É comum além das comidas e bebidas, a utilização de fotografias, velas, muitas flores de “tzempaxuchitl” ou flor de morto como é chamada, água, círios, etc., além de outros pratos característicos da culinária fúnebre. Exemplo são as “calaveritas de azúcar”, “pan de muerto”, “ataúdes de chocolate”; doces e pães de açúcar ou chocolate, sempre em forma de caveira, crânios, osso ou caixões, muito comercializados na época.

Algunos objetos decorativos como: las flores de "Tzempaxuchitl", calaveritas de azúcar y el Pan de Muerto; son parte de la tradición antigua.También el copal y el incienso de olor penetrante que invaden el aire le dan un olor más místico, más pagano o misterioso haciéndonos creer que realmente los muertos pueden venir. Ya en la noche, las velas, los cirios o las veladoras son encendidas en espera del ser querido que vendrá a visitarnos. (http://www.acabtu.com.mx/diademuertos/altar.html)

É importante ressaltar que cada elemento do altar tem uma simbologia, a qual é perfeitamente compreendida pelo morto. A sintonia é tamanha, que no estado de Oaxaca, sudeste do México, onde a concentração indígena é uma das maiores do país, acredita-se que, neste período os mortos encarnam em certos bichos, os quais pousam ou sobrevoam sobre os altares alimentando-se do aroma, sendo proibida, portanto sua matança. Abaixo, figura de um altar de oferendas:

Disponível em: <http://www.pijijiapan.net/index.php?blog=2&s=nuestras+tradiciones >. Acesso em: 20 abr. 2008.

Como parte secundária desta festa, menciona-se ainda o vocabulário mortuário utilizado pelos participantes, o uso de refrãos populares em programas de rádios, dedicados a pessoas públicas e particulares sempre em tom burlesco, ironizando a morte, bem como o costume de presentear-se entre si com elementos da culinária ou artesanato fúnebre, sendo estes, momentos de muita algazarra e animação. Mas, será que sempre foi assim? Ou seja, é possível identificar esse tipo de culto nas raízes mexicanas? Qual é realmente a origem festiva do culto aos mortos no México?

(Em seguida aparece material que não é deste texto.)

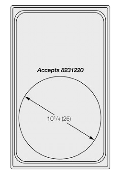 Miramar™ Template, for (1) medium round decorative pan, stainless/satin finish edge, accommodates (1) 8230010 round pan, durable 12 gauge stainless, for hot or cold applications, dishwasher safe, integral corner design on bottom to ensure secure fit in well opening, fits all standard 12" x 20" hot/cold wells, warmers & chafers, NSF, Made in USA (contact Vollrath for lead time), made to order, cannot be cancelled or returned (Refer to vollrathfoodservice.com for full warranty policy)
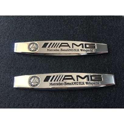 送料無料 001★メルセデスベンツ AMG用★2枚セット カーステッカー シルバー エンブレム プレート 金属製 フェンダーバッジ シール 強粘着力

O SENTIDO DA MORTE PARA OS ANTIGOS MEXICANOS

Por antigos mexicanos se designam as civilizações indígenas que povoaram a região do “Valle de México” onde hoje se localiza o México atual, antes do domínio pela Espanha, sendo os astecas os últimos a se estabelecer e os que promoveram um dos mais notáveis cultos à morte que se tem registro na história do país.

Os astecas foram um dos povos mais civilizados e poderosos da América pré-colombiana. Ocuparam como se autodenominaram os habitantes do Vale do México, vieram para essa região, depois de uma longa e lenta migração. [...] os últimos a chegar ao refinado mundo do planalto mexicano [...] sedentarizaram-se e mesclaram-se com os toltecas e a partir da aliança feita entre as cidades de Texcoco e Tlacopan, surgiu o "Império Asteca" [...] (http://www.historiadomundo.com.br/asteca/historia-asteca/)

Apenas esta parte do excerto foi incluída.